First, let me introduce a key concept. Most traders define “backwardation” for a commodity as when the price of a futures contract is lower than the price of the same good in the spot market.
In every market, there are always two prices for a good: the bid and the ask. To sell a good, one must take the bid. And likewise, to buy the good, one must pay the ask. In backwardation, one can sell a physical good for cash and simultaneously buy a futures contract, and make a profit on the arbitrage. Note that in doing this trade, one’s position does not change in the end. One begins with a certain amount of the good and ends (upon maturity of the contract) with that same amount of the good.
Backwardation is when the bid in the spot market is greater than the ask in the futures market.
Many commodities, like wheat, are produced seasonally. But consumption is much more evenly spread around the year. Immediately prior to the harvest, the spot price of wheat is normally at its highest in relation to wheat futures. This is because wheat inventories in the warehouses are very low. People will have to pay a higher price for immediate delivery. At the same time, everyone in the market knows that the harvest is coming in one month. So the price, if a buyer can wait one month for delivery, is lower. This is a case of backwardation.
Backwardation is typically a signal of a shortage in a commodity. Anyone holding the commodity could make a risk-free profit by delivering it and getting it back later. If others put on this trade, and others, and so on, this would push down the bid in the spot market and lift up the ask in the futures market until the backwardation disappeared. The process of profiting from arbitrage compresses the spread one is arbitraging.
Actionable backwardations typically do not last long enough for the small trader to even see on the screen, much less trade. This is another way of saying that markets do not normally offer risk-free profits. In the case of wheat backwardation, for example, the backwardation may persist for weeks or longer. But there is no opportunity to profit for anyone, because no one has any wheat to spare. There is a genuine shortage of wheat before the harvest.
Why Gold Backwardation Is Important
Could backwardation happen with gold? Gold is not in shortage. One just has to measure abundance using the right metric. If you look at the inventories divided by annual mine production, the World Gold Council estimates this number to be around 80 years.
In all other commodities (except silver), inventories represent a few months of production. Other commodities can even have “gluts,” which usually lead to a price collapse. As an aside, this fact makes gold good for money. The price of gold does not decline, no matter how much of the stuff is produced. Production will certainly not lead to a “glut” in the gold market pulling prices downward.
So, what would a lower price on gold for future delivery mean compared to a higher price of gold in the spot market? By definition, it means that gold delivered to the market is in short supply.
The meaning of gold backwardation is that trust in future delivery is scarce.

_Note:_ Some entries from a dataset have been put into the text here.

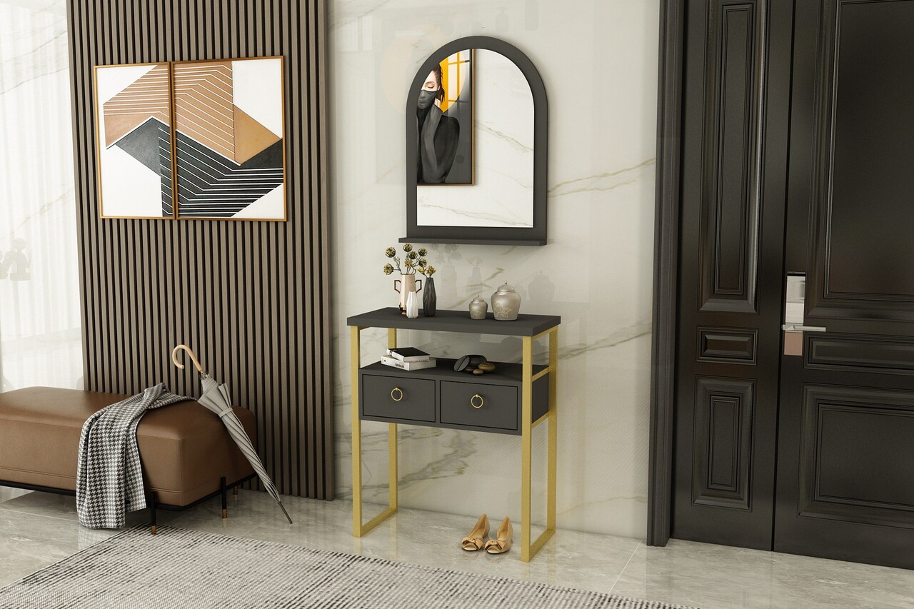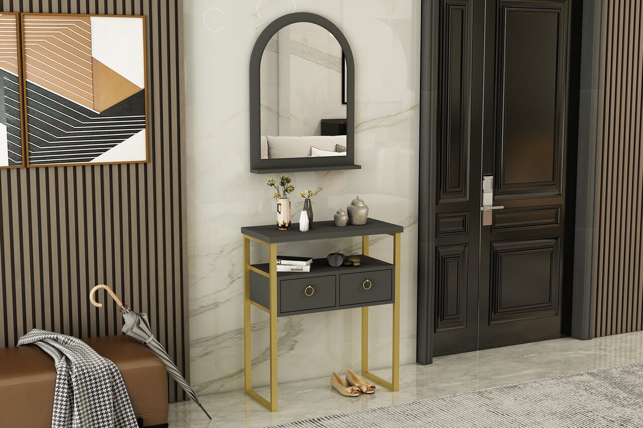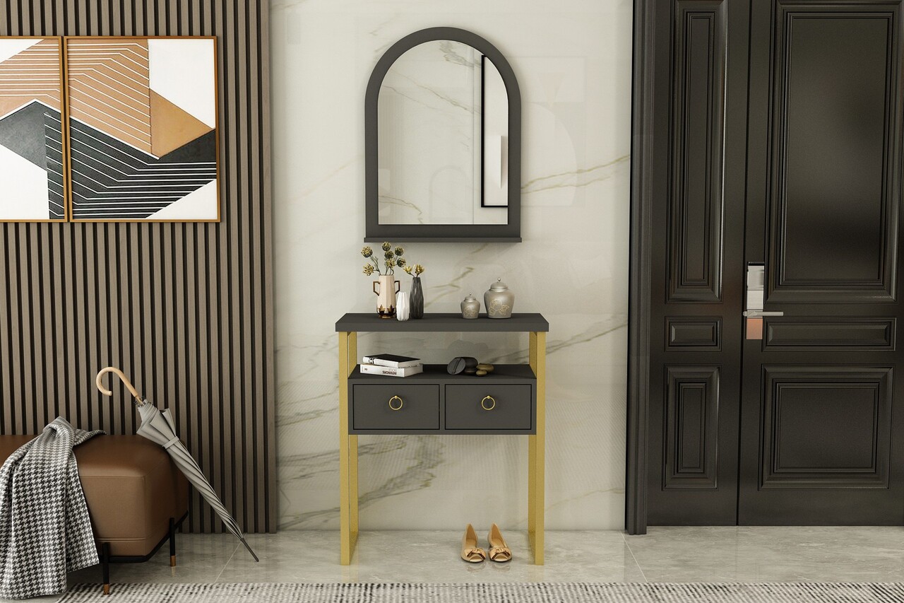 Dulap, Coraline, Mipa Mirrored, 75x88x36 cm, PAL, Antracit / Aur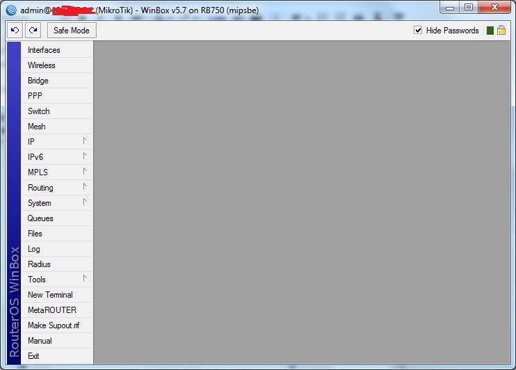 3. WinBox yang sudah connect dengan MikroTik RB750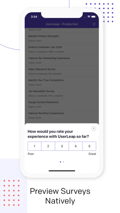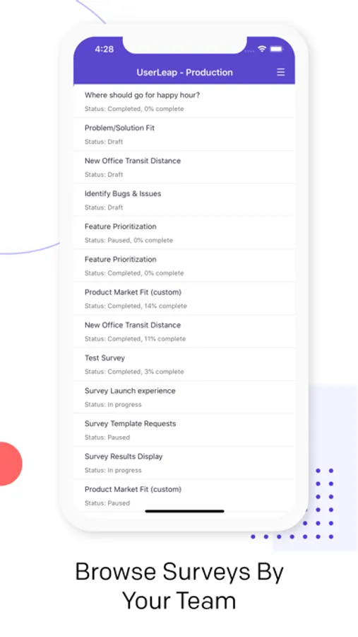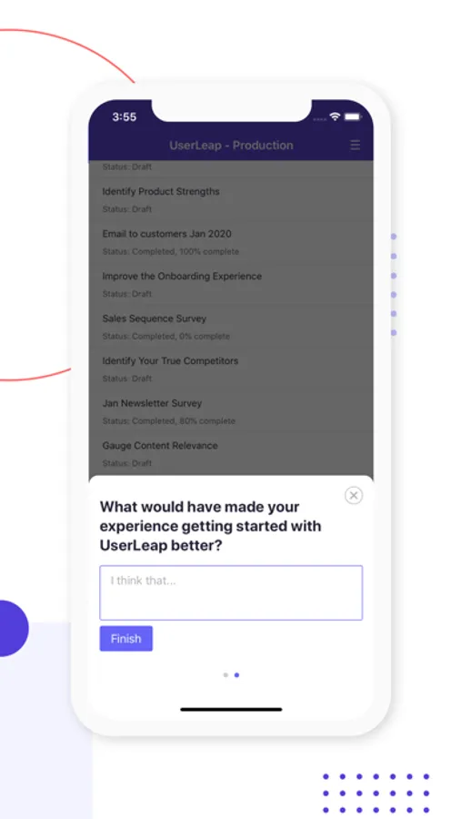 The app makes it possible for Sprig customers to preview surveys exactly as they will appear to users in a mobile setting. Log in, select your workspace, and choose any survey to preview the user experience on mobile.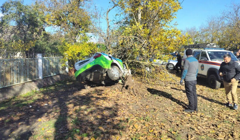 Pentru a evita impactul, șoferul echipajului de patrulare a virat brusc, iar pe carosabilul umed, mașina de serviciu a derapat, a părăsit drumul și s-a izbit violent de un copac.
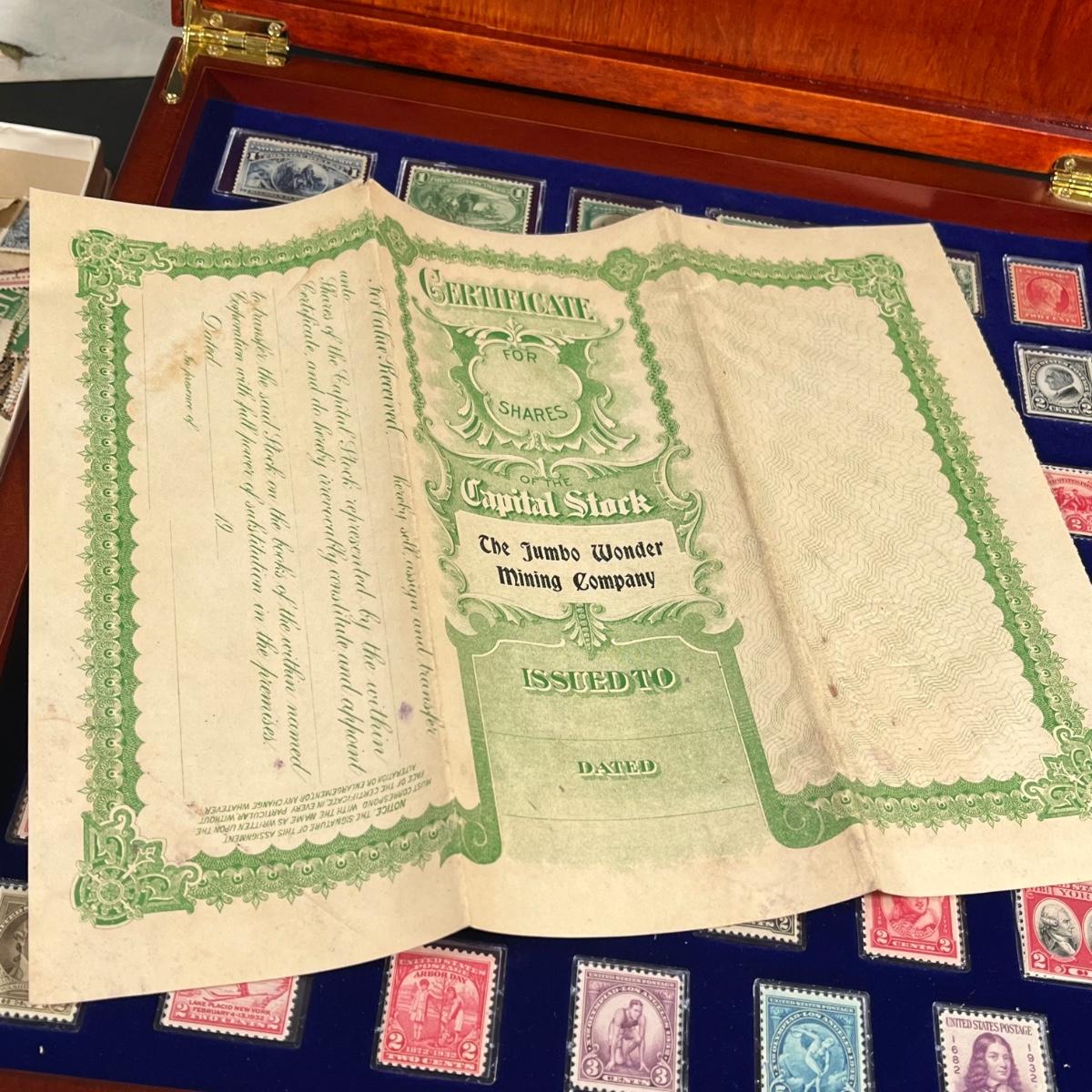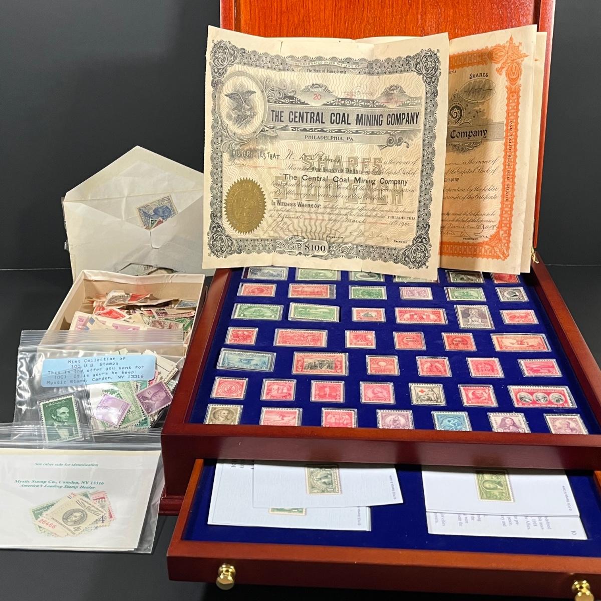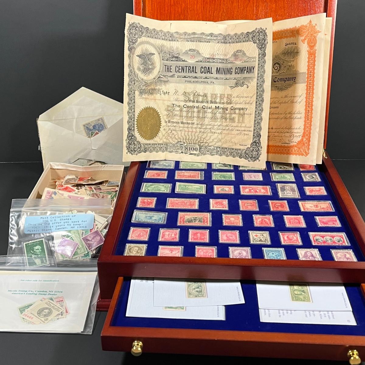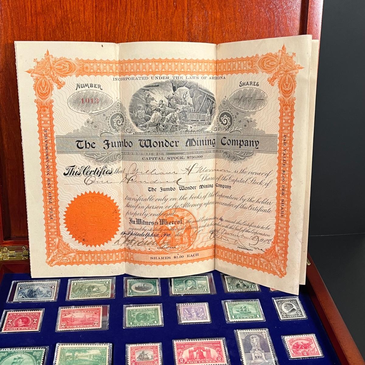 LOT 80D: The First U.S. Commemorative Stamp Issues Set in Case + More Stamps and Antique Stock Certificates

In an ordinary commodity, scarcity of the physical good available for delivery today is resolved by higher prices. At a high enough price, demand for wheat falls until existing stocks are sufficient to meet the reduced demand.
But how is scarcity of trust resolved?
Thus far, the answer has been: via higher prices. Higher prices do coax some gold out of various hoards, jewelry, etc. Gold went into backwardation for the first time in December 2008. One could have earned a 2.5% (annualized) profit by selling physical gold and simultaneously buying a February 2009 future. Gold was $750 on December 5, but it rocketed to $920 – a gain of 23% – by the end of January.
But when backwardation becomes permanent, then trust in the gold futures market will have collapsed. Unlike with wheat, millions of people and many institutions have plenty of gold they can sell in the physical market and buy back via futures contracts. When they choose not to, that is the beginning of the end of the current financial system.